Hace años coordinaba un taller literario. Cierto día me abordó una mujer tocada con una boina con pluma, me confió que antes de decidir si se apuntaba quería estar segura de que se le revelarían los secretos de la escritura. Tenía la convicción de que los escritores exitosos integran una suerte de sociedad secreta, y ocultan recursos del oficio que no confían a nadie. Le pregunté qué clase de textos pretendía pergeñar. Su intención, dijo, era escribir novelas de tema hospitalario con un joven y talentoso cirujano como personaje principal, igual que los de algunas series que pasaban por la tele.
Pensé mi respuesta durante unos minutos mientras la observaba con disimulo y tomaba nota de los inquietantes detalles de su rostro y el brillo ligeramente ominoso en la mirada. Finalmente le dije que no necesitaba acudir a un taller literario y le aconsejé que si pretendía escribir una historia con cirujano era imprescindible que para hacerlo se quitara la boina y la reemplazara con un gorrito verde, de tela, como los que usan los que actúan en torno a la mesa de operaciones. No estaría de más que se pusiera unos guantes de cirugía a la hora de escribir.
Me telefoneó meses más tarde para confiarme que había seguido mis indicaciones y le había salido una novela redonda. Estaba segura de que de ser publicada sería un rotundo best seller. Prometió que me donaría un porcentaje de las ganancias, pero no he vuelto a saber de ella.
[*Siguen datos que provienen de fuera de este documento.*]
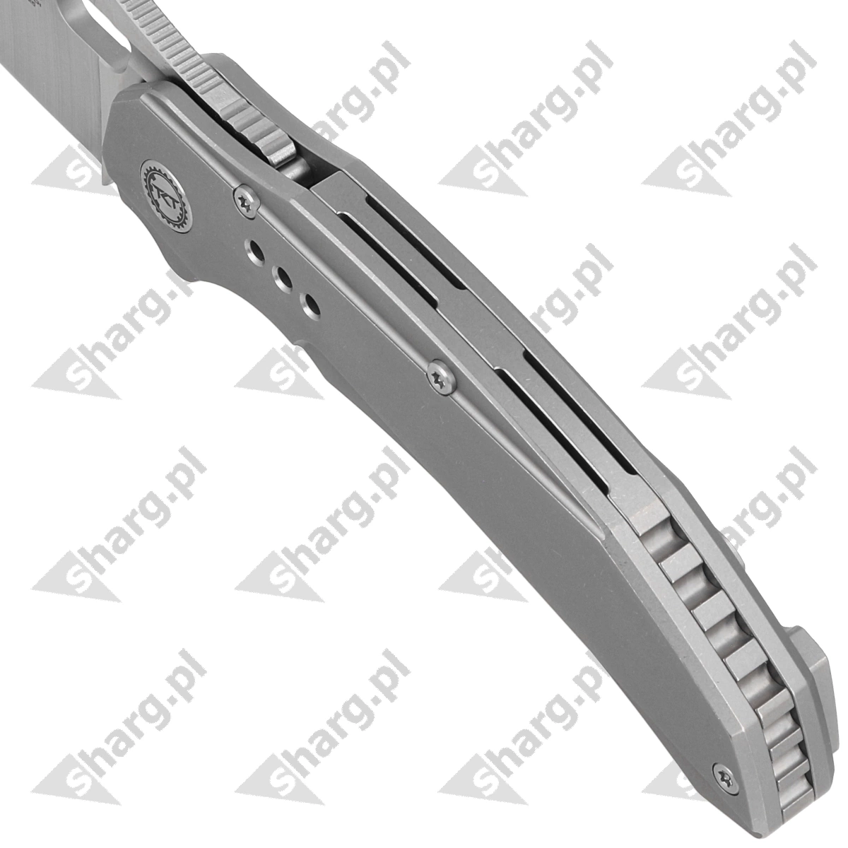 Handle - is two pieces of solid titanium 6AL4V. Chamfered edges of the covers eliminate sharp edges for comfort and improve grip security. The solid titanium backspacer to which the grips are attached guarantees the rigidity and strength of the entire structure. The pivot axis decorated with the logo of the designers, Todd Knife and Tool. A single-position, right-handed titanium clip allows the knife to be carried in tip-up position, with the tip of the blade upward.
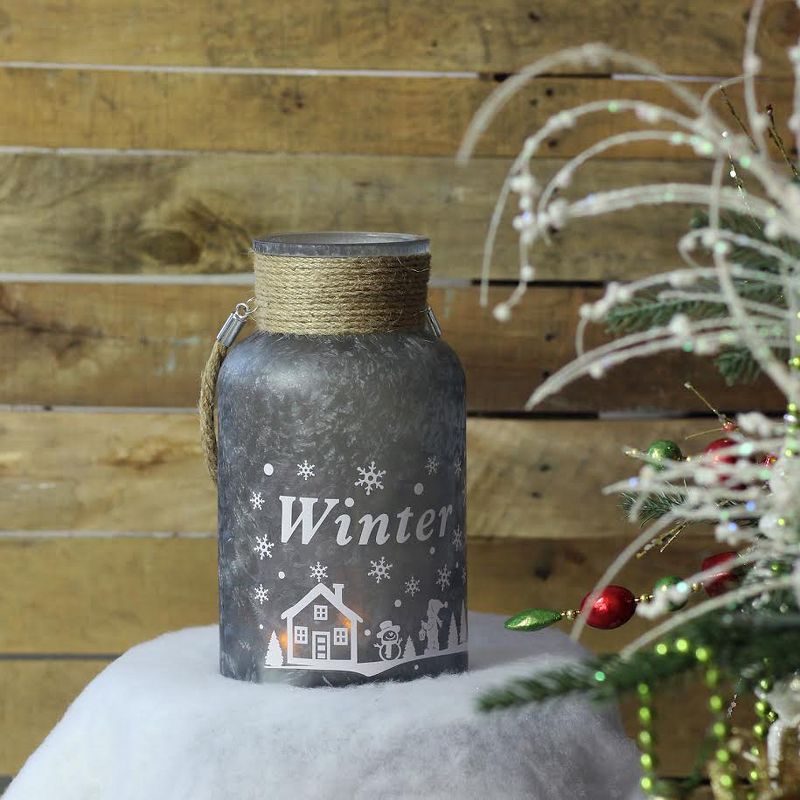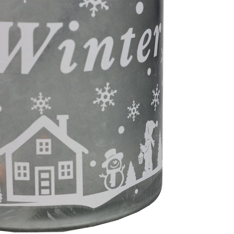 • Gray And White Iced Winter Scene Pillar Candle Holder Lantern

En ocasiones me preguntan sobre mi forma de escribir: si lo hago por la mañana, la tarde o la noche; si soy o no soy metódico; si tomo apuntes; si cuento con una estructura previa o voy sacando lo que me sale del coco; si escribo a mano, a máquina o con ordenador; si dejo que los personajes vayan a su aire o los dirijo a mi voluntad. Les he confesado a mis interrogadores que para mí lo principal es escribir desnudo. ¿Desnudo? Pues sí, antes de sentarme al teclado me quito toda la ropa, tanto en verano como en invierno. Cuando estoy en pelotas las musas y los musos se me muestran más solidarios que si estoy vestido.
En contadas ocasiones transgredí la norma, por ejemplo cuando me centré en el personaje de un señor encumbrado. En dicha oportunidad me puse una corbata de seda — sobre mi cuello desnudo, obviamente—. Otra vez escribí sobre otro señor, aún más encumbrado, entonces me coloqué alrededor del cogote un cuello duro que heredé de mi tío abuelo. Trucos del oficio, señora.
Pero no siempre este tipo de recursos da resultado. El otro día pretendí escribir sobre Ringo Bonavena, un boxeador argentino de la categoría de los pesos pesados que fue asesinado en 1976 mediante una bala de gran calibre a las afueras de un prostíbulo en Reno (Nevada). Aparte de haber peleado contra Joe Frazier y Cassius Clay, Bonavena es autor de la frase que dictamina que la experiencia es un peine que te lo dan cuando te quedas pelado (textual). Por lo visto, además de boxeador Ringo también era algo filósofo. Pensaba que para escribir sobre el púgil lo mejor sería calzarme guantes de boxeo. Fue un fracaso: no hubo modo de presionar las teclas ni sostener el boli.